Slowing domestic steel demand and environmentally driven production curbs have prompted some Chinese mills to bring forward maintenance schedules, potentially reducing iron ore consumption. At the same time, pre-holiday restocking activity is gradually fading ahead of the Lunar New Year.
Steel traders in China said export sales remain sluggish due to weak demand in traditional markets and initial challenges linked to a newly implemented licensing regime introduced at the start of the year. Domestic demand is also expected to soften further as the Lunar New Year holidays begin in mid-month.

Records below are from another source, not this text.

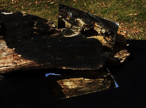 Dans cette série d'installations réalisées à Victoria Park, à Londres, puis photographiées, un ensemble de troncs d'arbres tombés est disposé avec soin, accompagné de miroirs et de tissus noirs. Les miroirs capturent des fragments du ciel, reflétant des étendues bleues sereines qui contrastent fortement avec les textures terreuses des arbres coupés. Ce dialogue visuel entre les miroirs et les éléments naturels invite à une contemplation plus profonde à travers le prisme du « miroir de l'esprit » du maître zen Bankei. L'« esprit miroir » de Bankei incarne un état de pure conscience, reflétant toutes choses sans attachement ni distorsion. Ici, les miroirs servent de métaphores à cette conscience éveillée, présentant des reflets immaculés du ciel et de l'environnement environnant. Pourtant, les reflets ne sont pas parfaits : ils sont déformés par les angles et les formes des miroirs, nous rappelant que nos perceptions sont souvent fragmentées et incomplètes. Les arbres et le ciel apparaissent fragmentés, leurs images déformées et tordues, suggérant la nature fluide de la réalité et de la perception. La présence du tissu noir introduit un élément de nihilisme, symbolisant le vide ou le « néant » souvent associé à la pensée existentielle. Cette obscurité enveloppe les arbres, suggérant que la véritable clarté et l'éveil ne proviennent pas de l'abondance de lumière, mais d'une compréhension intime et de l'acceptation du vide. La couleur noire, qui absorbe toute la lumière, est un symbole puissant de l'« inconnaissabilité » ultime et du vide inhérent au cœur de l'existence. Parmi les troncs éparpillés, certains laissés à la décomposition naturelle et d'autres coupés et disposés, les miroirs reflètent des images déformées du ciel et des arbres. Ces distorsions nous rappellent la nature fragmentée et imparfaite de la perception humaine. L'interaction entre la lumière et l'obscurité, la réflexion et l'absorption, crée une symphonie visuelle qui évoque la nature éphémère de la vie et les cycles de croissance et de décomposition.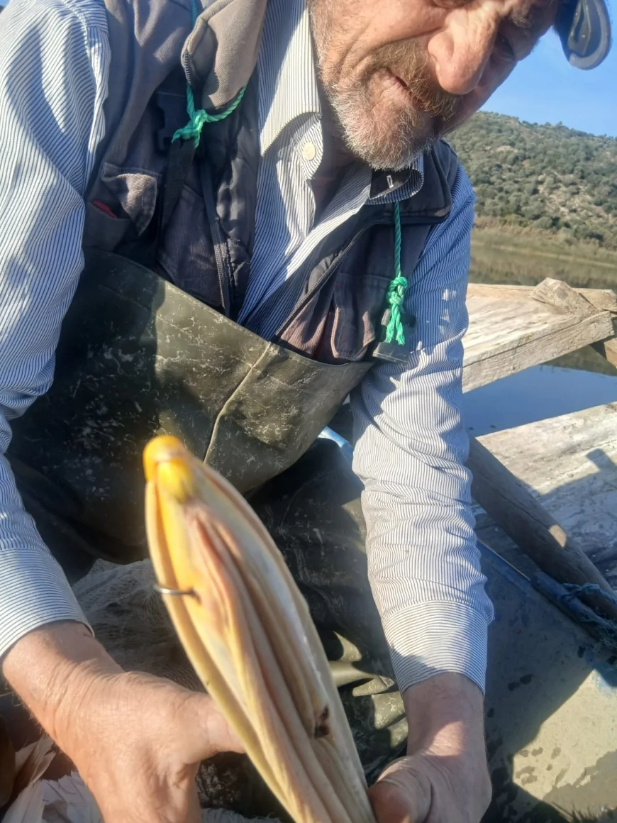 Aydın’ın Kuşadası ilçesindeki Azap Gölü’nde avlanan ve Nesli Tehlike Altında bulunan Tepeli Pelikan (Pelacanus crispus)'lardan olan balıkçıl pelikanın gagası göle atılan oltalara takıldı.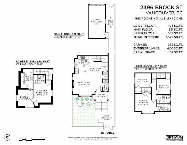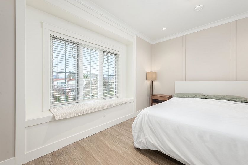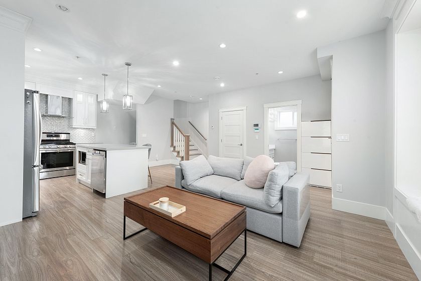 This beautifully designed 1/2 duplex offers 4 bedrooms, 3.5 bathrooms, and 1,522 sq ft of bright, contemporary living across three levels. The main floor showcases a stunning white kitchen with quartz countertops, stainless steel appliances, custom cabinetry, and a large island ideal for entertaining. Open living and dining areas are complemented by high ceilings, wide-plank flooring, and abundant natural light. Upstairs features a spacious primary bedroom with ensuite plus two additional bedrooms. The lower level includes a flex/family room and bedroom with excellent potential for a mortgage-helper suite. Complete with a private patio, garage, and quality finishes throughout, this move-in-ready home offers exceptional value and versatility.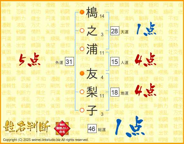 槝(14画)之(3画)浦(11画) 友(4画)梨(11画)子(3画)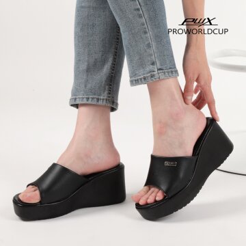 PWX Metro 여성 키높이쿠션 슬리퍼 블랙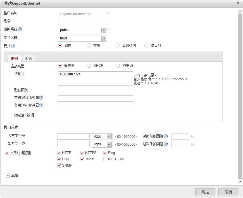 网络--接口--G1/0/1--安全区域trust--IP地址10.0.100.1/24--启用访问管理HTTP、HTTPS、Ping、SSH、Telnet、SNMP--确定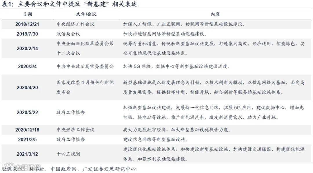 新基建是什么时候提出的?2018年底中央经济工作会议提出“加快5G商用步伐,加强人工智能、工业互联网、物联网等新型基础设施建设”,标志着“新基建”概念在官方文件中正式出现。在政策把产业基础高级化和产业链现代化当作既定目标,以及政策需要稳定宏观杠杆率的背景下,“新基建”的提出具备一定必然性。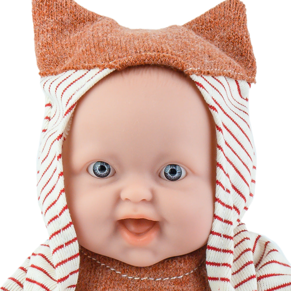 Simpatica papusa este realizata manual, cu detalii realiste fine si ochi atractivi. Designul hainutelor si imprimeul vulpe transforma micuta papusa intr-un personaj simpatic.
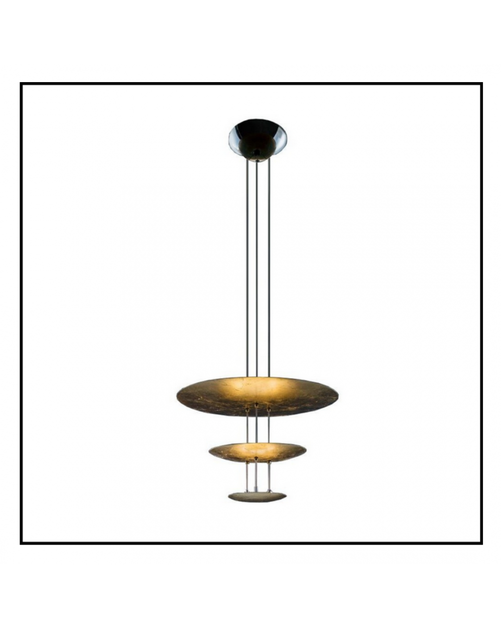 Lampada a sospensione con dischi diffusori in alluminio rivestiti in foglia, aste in ottone o alluminio, base nickel.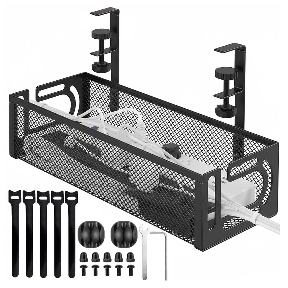 Półka na kable prowadnica na przewody VALIA⭐️ Półka wykonana ze stali węglowej⭐️ Bezinwazyjny montaż na zaciski⭐️ Pasuje do większości biurek i blatów⭐️ Dwa samoprzylepne uchwyty na przewody oraz 5 taśm na rzep w zestawie⭐️ Zakup od producenta✨Valia – półka na kable pod biurko✨Masz dość plątaniny przewodów pod biurkiem? Półka na kable Valia to praktyczny sposób na utrzymanie porządku i estetyki w miejscu pracy. Dzięki niej zyskasz więcej wolnej przestrzeni, uporządkujesz kable i unikniesz chaosu oraz poprawisz wygodę korzystania z urządzeń elektronicznych. Montaż półki jest szybki, prosty i bezinwazyjny – nie wymaga wiercenia. Solidna, stalowa konstrukcja zapewnia trwałość, a dodatkowe akcesoria w zestawie ułatwiają dopasowanie organizacji przewodów dokładnie do Twoich potrzeb.Cechy:Materiał: Stal węglowaKompatybilność blatów: Pasuje do blatów o grubości do 50 mmMontaż: Bezinwazyjny, na zaciskiW zestawie: Półka, 2 uchwyty samoprzylepne na kable, 5 taśm na rzep, zestaw montażowyKolor: CzarnyWaga: 0,58 kgWymiary:Maksymalna wysokość półki z zaciskami: 19,5 cmWysokość półki: 7 cmSzerokość: 40 cmGłębokość: 12 cm Informacje dodatkowePrzedstawione kolory należy traktować poglądowo - mogą odbiegać od rzeczywistych ze względu na różne ustawienia monitorów oraz proces obróbki zdjęć. Rzeczywiste wymiary mogą się różnić od podanych wyżej. Tolerancja błędów może wynosić +/- 5%.Marka:GockowiakKod EAN:5902340332061Kolor stelaża:czarnyWysokość półki z zaciskami:19,5 cmSzerokość półki:40 cmMontaż:bezinwazyjny, na zaciski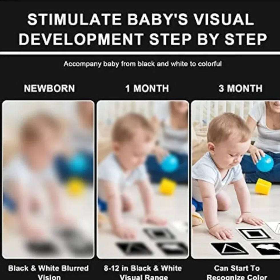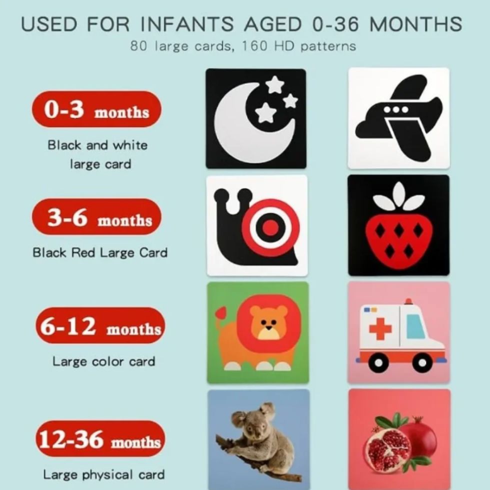 Juguetes seguros para 0-3 meses: todas las tarjetas de bebé de alto contraste están hechas de materiales libres de tóxicos y respetuosos con el medio ambiente. No dañará los ojos de su bebé y es seguro para que el bebé entre en contacto con él.

On the Dalian Commodity Exchange, the most-traded May iron ore contract fell 1.14pct to 777.5 yuan (USD 112) per ton. Coking coal and coke futures both eased 0.17pct to 1,167.5 yuan (USD 168) per ton and 1,715 yuan (USD 247) per ton, respectively.
Meanwhile, on the Shanghai Futures Exchange, rebar futures slipped 0.51pct to 3,099 yuan (USD 447) per ton, while HRC declined 0.34pct to 3,265 yuan (USD 471). Wire rod futures edged up to 3,471 yuan (USD 500). Stainless steel futures fell 1.77pct to 13,585 yuan (USD 1,958) per ton.